C'est une hypothèse crédible; mais alors comment Nicolas HULOT, qui n'est pas une perdrix de l'année, peut il croire qu'il s'agit d'un engagement sérieux, alors que les 40 dernières années ont montré de quoi était capable la droite en FRANCE ?

Soit il fait semblant, coincé qu'il est entre ses différentes sponsors qui lui ouvrent grands les principaux médias pour développer ses thèses, sous réserve qu'il fasse dans la communion et les belles images.


Soit il y croit vraiment, et par la crédibilisation des candidats non écologistes que la signature du pacte leur accorde, Nicolas HULOT met sur le même pied d'égalité les militants écologistes (Lepage, Waechter, Voynet) et tous les candidats signataires de l'appel. Il y a toujours plus de place dans les nouvelles églises pour les repentis.Mais alors, il n'y aurait pas besoin de voter pour Dominique VOYNET pour affirmer un choix écologiste à la présidentielle; puisqu'elle n'est, après tout, que l'une des candidates à avoir signé le pacte et qu'il vaut mieux soutenir un « gros » candidat qui l'a signé dans le cadre du vote utile.

Le Pacte serait ainsi l'alpha et l'oméga de la pensée écologiste en 2007 et contiendrait toutes les recettes à appliquer demain par n'importe quel président de la République de quelque bord qu'il fût.

Qui peut sérieusement croire cette fadaise ?

Je crains que le Pacte ne devienne une énorme supercherie qui donne à tous ses signataires le blanc seing de la défense de l'environnement... Munis de ce viatique, les candidats qui se moquent de l'environnement pourront continuer de discuter des choses sérieuses (les bourdes de Ségolène ROYAL, l'utilisation des RG et des forces de police par SARKOZY) le plus longtemps possible puisque « sur l'environnement on est d'accord »...Et qu'il suffit d'une grand messe chez Nicolas HULOT pour avoir le pardon de ses fautes passées...

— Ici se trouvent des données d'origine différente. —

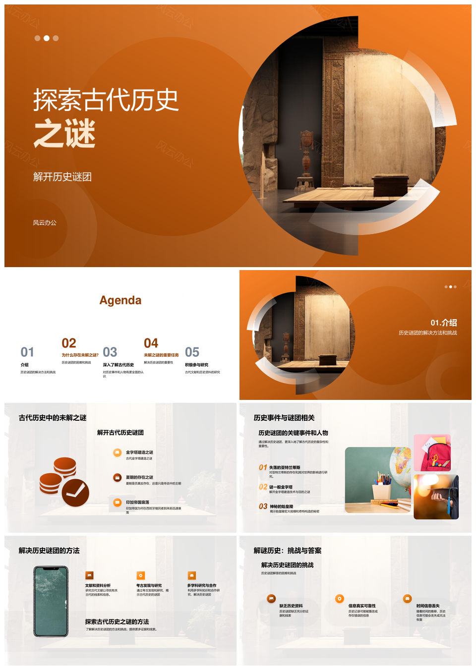 风云办公提供的解密古代历史谜团人物事件文物挑战PPT模板,下载格式为pptx,一共30页,作品中文字及图均可以修改和编辑,图片更改请在作品中右键图片并更换,文字修改请直接点击文字进行修改。

N'assiste t-on pas en définitive par le Pacte à un enterrement royal de l'écologie politique dans un consensus sponsorisé par TF1 dont l'objectif est, rappelons le, de « vendre du temps de cerveau disponible pour la publicité » ? Puisque tous les candidats sont écolos, alors n'en parlons plus, nous savons ce qu'il faut faire.

Si c'est cela, les lendemains qu'on nous prépare seront des cauchemars de cynisme et de reniements.